Starting with PHP 5.2, we also have access to filter_var, which I have not seen any mention of so thought I'd throw it out there. To use filter_var to strip non-printable characters < 32 and > 127, you can do:
Filter ASCII characters below 32
$string = filter_var($input, FILTER_UNSAFE_RAW, FILTER_FLAG_STRIP_LOW);
Filter ASCII characters above 127
$string = filter_var($input, FILTER_UNSAFE_RAW, FILTER_FLAG_STRIP_HIGH);
Strip both:
$string = filter_var($input, FILTER_UNSAFE_RAW, FILTER_FLAG_STRIP_LOW|FILTER_FLAG_STRIP_HIGH);
You can also html-encode low characters (newline, tab, etc.) while stripping high:
$string = filter_var($input, FILTER_UNSAFE_RAW, FILTER_FLAG_ENCODE_LOW|FILTER_FLAG_STRIP_HIGH);
There are also options for stripping HTML, sanitizing e-mails and URLs, etc. So, lots of options for sanitization (strip out data) and even validation (return false if not valid rather than silently stripping).
Sanitization: http://php.net/manual/en/filter.filters.sanitize.php
Validation: http://php.net/manual/en/filter.filters.validate.php
However, there is still the problem, that the FILTER_FLAG_STRIP_LOW will strip out newline and carriage returns, which for a textarea are completely valid characters...so some of the Regex answers, I guess, are still necessary at times, e.g. after reviewing this thread, I plan to do this for textareas:
$string = preg_replace( '/[^[:print:]\r\n]/', '',$input);
This seems more readable than a number of the regexes that stripped out by numeric range.

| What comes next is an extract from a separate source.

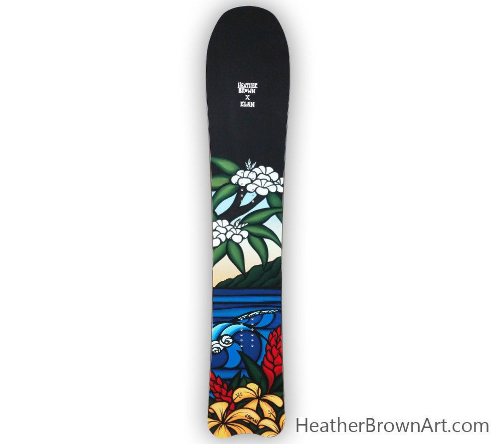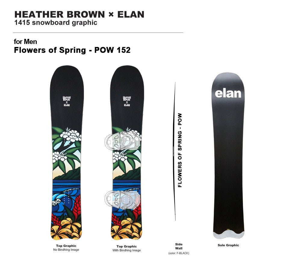 「FlowersofSpring-POW」限定版スノーボードは、2014年から2015年のシーズンに向けてHeather Brown Art x ElanSnowboardsと共同で作成されました。貿易によるサーフアーティストであるヘザーブラウンは、彼女の芸術を山に持ち込み、そこで彼女は彼女のお気に入りのスポーツであるサーフィンとスノーボードへの新しい情熱との類似点を見つけました。ヘザーブラウンのスノーボードアートは、コロラド州テルライドで過ごした冬に触発されました。
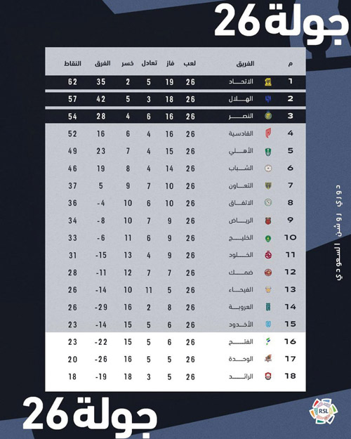 ازداد وضع الرائد حرجاً بعد أن قلب الخليج تأخره أمامه في ملعبه في بريدة إلى فوز مثير ب 2-1 ليثبت الأحمر في ذيل الترتيب بـ18 نقطة فقط، وفي المجمعة تعادل الفيحاء والفتح 1/1 وفي مكة تمكن الشباب من الفوز ب 3-1 على مضيفه الوحدة جاء ذلك في ختام مباريات الجولة الـ26.

you can use character classes
/[[:cntrl:]]+/

All of the solutions work partially, and even below probably does not cover all of the cases. My issue was in trying to insert a string into a utf8 mysql table. The string (and its bytes) all conformed to utf8, but had several bad sequences. I assume that most of them were control or formatting.
function clean_string($string) {
$s = trim($string);
$s = iconv("UTF-8", "UTF-8//IGNORE", $s); // drop all non utf-8 characters
// this is some bad utf-8 byte sequence that makes mysql complain - control and formatting i think
$s = preg_replace('/(?>[\x00-\x1F]|\xC2[\x80-\x9F]|\xE2[\x80-\x8F]{2}|\xE2\x80[\xA4-\xA8]|\xE2\x81[\x9F-\xAF])/', ' ', $s);
$s = preg_replace('/\s+/', ' ', $s); // reduce all multiple whitespace to a single space
return $s;
}
To further exacerbate the problem is the table vs. server vs. connection vs. rendering of the content, as talked about a little here

this is simpler:
$string = preg_replace(
'/[^[:cntrl:]]/', '',$string);

To strip all non-ASCII characters from the input string
$result = preg_replace('/[\x00-\x1F\x80-\xFF]/', '', $string);
That code removes any characters in the hex ranges 0-31 and 128-255, leaving only the hex characters 32-127 in the resulting string, which I call $result in this example.

For UTF-8, try this:
preg_replace('/[^\p{L}\s]/u','', $string);
That was my original answer form 10 years ago, and as the comments are saying this is well suited for feeding a full text search engine, as it removes some non-text printable characters like []!~ etc.
If you also need to remove invalid characters for say, feeding libexpat (sigh.), you can try:
preg_replace('/[^\PCc^\PCn^\PCs]/u', '', $string);
See this answer for more on the method.

You could use a regular express to remove everything apart from those characters you wish to keep:
$string=preg_replace('/[^A-Za-z0-9 _\-\+\&]/','',$string);
Replaces everything that is not (^) the letters A-Z or a-z, the numbers 0-9, space, underscore, hypen, plus and ampersand - with nothing (i.e. remove it).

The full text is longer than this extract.